- Hangul: 룡곡서원
- Hanja: 龍谷書院
- RR: Ryonggok seowon
- MR: Ryonggok sŏwŏn

= Ryonggok Academy =

Historic building in Pyongyang, North Korea

The Ryonggok Confucian Shrine and Academy is located in Mangyongdae-guyok, Pyongyang, North Korea. It is listed as a National Treasure of North Korea.

==History==
Built in 1656, the Shrine is located on the slopes of Mount Ryonggak, about ten kilometers from Pyongyang. The Academy was damaged by fire in the early 1710s, and was rebuilt in 1713.

The Academy served as a private educational institution during the Ri Dynasty. The complex includes two quarters - an auditorium and a shrine. The buildings were constructed in a row on sloping land. The auditorium quarter include an east classroom and a west classroom. Behind the shrine is a pavilion with a calligraphic board hung under the eaves of the roof.

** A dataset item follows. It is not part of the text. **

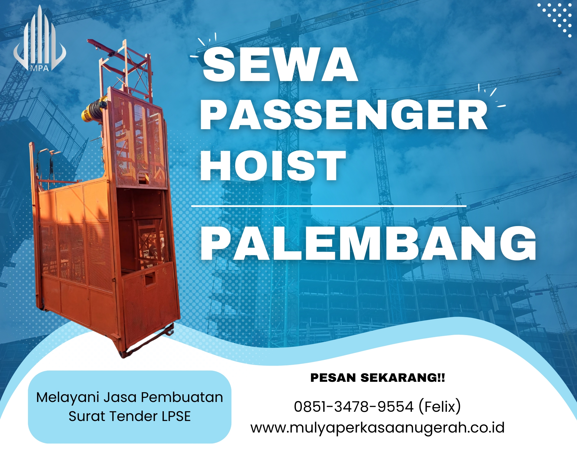 Jika Anda sedang butuh sewa passenger hoist di Palembang. Anda berada di tempat yang tepat! Passenger hoist merupakan alat vital dalam proyek konstruksi, terutama untuk mengangkut pekerja dan material secara aman dan efisien ke ketinggian. Di Palembang, permintaan akan penyewaan passenger hoist terus meningkat seiring dengan berkembangnya proyek-proyek pembangunan, baik gedung bertingkat, industri, maupun renovasi besar. Lihat Artikel Sebelumnya Dalam artikel ini, kami akan membahas secara lengkap tentang sewa passenger hoist di Palembang, mulai dari manfaat, jenis, harga, tips pemilihan, hingga rekomendasi penyedia jasa terpercaya. Simak informasi berikut untuk memastikan Anda mendapatkan solusi terbaik! Apa Itu Passenger Hoist? Passenger hoist adalah alat pengangkut vertikal yang dirancang khusus untuk memindahkan pekerja dan material konstruksi secara aman. Alat ini sering digunakan dalam proyek pembangunan gedung tinggi, menara, pabrik, atau proyek infrastruktur lainnya. Beberapa fitur utama passenger hoist: –Kapasitas angkut tinggi (biasanya 1 Ton – 4 Ton).–Keamanan terjamin dengan sistem rem darurat dan pengunci otomatis.–Efisiensi waktu karena dapat mengangkut banyak orang sekaligus.–Dilengkapi dengan cabin untuk kenyamanan dan perlindungan dari cuaca. Mengapa Sewa Passenger Hoist di Palembang Lebih Menguntungkan? Banyak kontraktor dan developer memilih sewa passenger hoist di Palembang daripada membeli karena beberapa alasan: Jenis-Jenis Passenger Hoist yang Tersedia untuk Di sewa di wilayah Palembang Berikut beberapa jenis passenger hoist yang umum disewakan di Palembang: 1. Single Cabin Passenger Hoist Passenger hoist secara aktif mendukung proyek kecil hingga menengah, terutama yang membutuhkan mobilitas vertikal cepat dan aman. Passenger hoist memiliki kapasitas angkut terbatas 1 – 4 Ton, dan tidak bisa digunakan mengangkut orang secara bersamaan. Efisiensinya dalam mempercepat proses perpindahan pekerja dan material menjadikannya pilihan favorit di berbagai proyek pembangunan modern di Palembang. 2. Double Cabin Passenger Hoist 3. Material-Passenger Combination Hoist Tips Memilih Penyewa Passenger Hoist di Palembang – PT Mulya Perkasa Anugerah Agar tidak salah pilih, perhatikan hal berikut: –Reputasi Perusahaan – Kami memiliki reputasi yang baik, dan sudah bekerjasama dengan proyek – proyek di seluruh Indonesia, dan tingkat profesional yang kami miliki sangat tinggi dalam menyewakan passenger hoist.–Kualitas Alat – Kami menyewakan alat dengan kualitas yang bagus dan terawat.–Layanan Purna Jual – Kami siap memberikan garansi dukungan teknis jika terjadi masalah pada alat.–Harga Transparan – Harga Sangat Terjangkau.-Fleksibilitas Kontrak – Hubungi admin pada Website kami jika ingin menyewa passenger hoist. Cara Sewa Passenger Hoist di PT Mulya Perkasa Anugerah Proses Sewa Passenger Hoist di PT. Mulya Perkasa Anugerah sangat mudah dan efisien:1. Cara yang Pertama, hubungi tim kami (0851-3478-9554 Felix) melalui telepon atau WhatsApp untuk konsultasi kebutuhan.2. Cara kedua, tentukan jenis cabin (Single/Double Cabin), kebutuhan besi yang ingin dibengkokan dan durasi sewa sesuai kebutuhan. Komunikasikan spesifikasi proyek dengan jelas agar penyedia dapat merekomendasikan bar bender yang tepat dan efisien.3. Cara yang Ketiga, kami akan mengirimkan penawaran harga yang kompetitif.4. Cara yang Keempat, setelah deal, kami akan mengirimkan bar bender ke lokasi Anda. Palembang: Kota Bertumbuh Pesat dengan Meningkatnya Permintaan Sewa Passenger Hoist Sebagai ibu kota Provinsi Sumatera Selatan, Palembang kini menjelma menjadi salah satu kota besar di Indonesia dengan pertumbuhan pembangunan yang sangat pesat. Tidak hanya dikenal sebagai kota bersejarah dengan ikon Jembatan Ampera dan Sungai Musi, Palembang kini juga menjadi pusat pertumbuhan ekonomi, industri, dan infrastruktur modern di Pulau Sumatera. Seiring maraknya pembangunan gedung bertingkat, hotel, apartemen, dan pusat perbelanjaan, kebutuhan akan alat bantu konstruksi seperti passenger hoist di Palembang terus meningkat. Tak hanya itu, dalam beberapa tahun terakhir, Palembang mengalami transformasi besar-besaran di berbagai sektor. Selain menjadi tuan rumah Asian Games 2018 yang mendorong percepatan pembangunan infrastruktur, kota ini juga aktif membangun jalan tol, flyover, kawasan bisnis baru, serta proyek-proyek properti skala besar di berbagai wilayah strategis seperti Jakabaring, Ilir Barat, hingga Seberang Ulu. Pertumbuhan jumlah proyek bertingkat di Palembang berdampak langsung pada tingginya permintaan sewa passenger hoist. Passenger hoist, atau lift proyek, merupakan solusi penting yang memungkinkan pengangkutan tenaga kerja dan material bangunan ke lantai atas secara lebih cepat, efisien, dan aman dibandingkan dengan metode konvensional seperti tangga atau alat angkut manual. Banyak pengembang dan kontraktor di Palembang kini lebih memilih menyewa passenger hoist karena lebih fleksibel, hemat biaya, dan didukung layanan teknis, sejalan dengan kebutuhan proyek yang dinamis dan berstandar keselamatan tinggi. KAMI MELAYANI PENGIRIMAN SELURUH INDONESIA DAN JASA PEMBUATAN SURAT TENDER LPSE!! PRODUK KAMI – PT MULYA PERKASA ANUGERAH Lihat Artikel Lainnya TEMUKAN KAMI DI BERBAGAI MARKETPLACE Hubungi Kami Sekarang!! Tak perlu repot angkut barang! Gunakan Passenger Hoist Palembang untuk solusi cepat, aman, dan efisien. Hubungi (0851-3478-9554 Felix) untuk konsultasi & penawaran terbaik. 📞 Hubungi Kami✉ Email Kami

The complex is also known as the Ryonggok Auditorium. The main building is known as the Taesong Hall; it is the largest building on the complex. The Taesong Hall's roof has a windbreak board on each side, “a unique form, rare to be seen in other old architectures”. The Auditorium includes an outer door, a dormitory and an inner door. The outer door has a two storied gable roof. The first floor of the complex was used as an auditorium and the second floor was used as a lecture room. There are the eastern and western study rooms on the both sides of the inner court. A sign board bearing the school’s name hangs from the eaves of the shrine and a monument in the north western house explains that the school was built in 1713.

==Media Portrayal==
The Shrine is featured in film Ten Zan: The Ultimate Mission.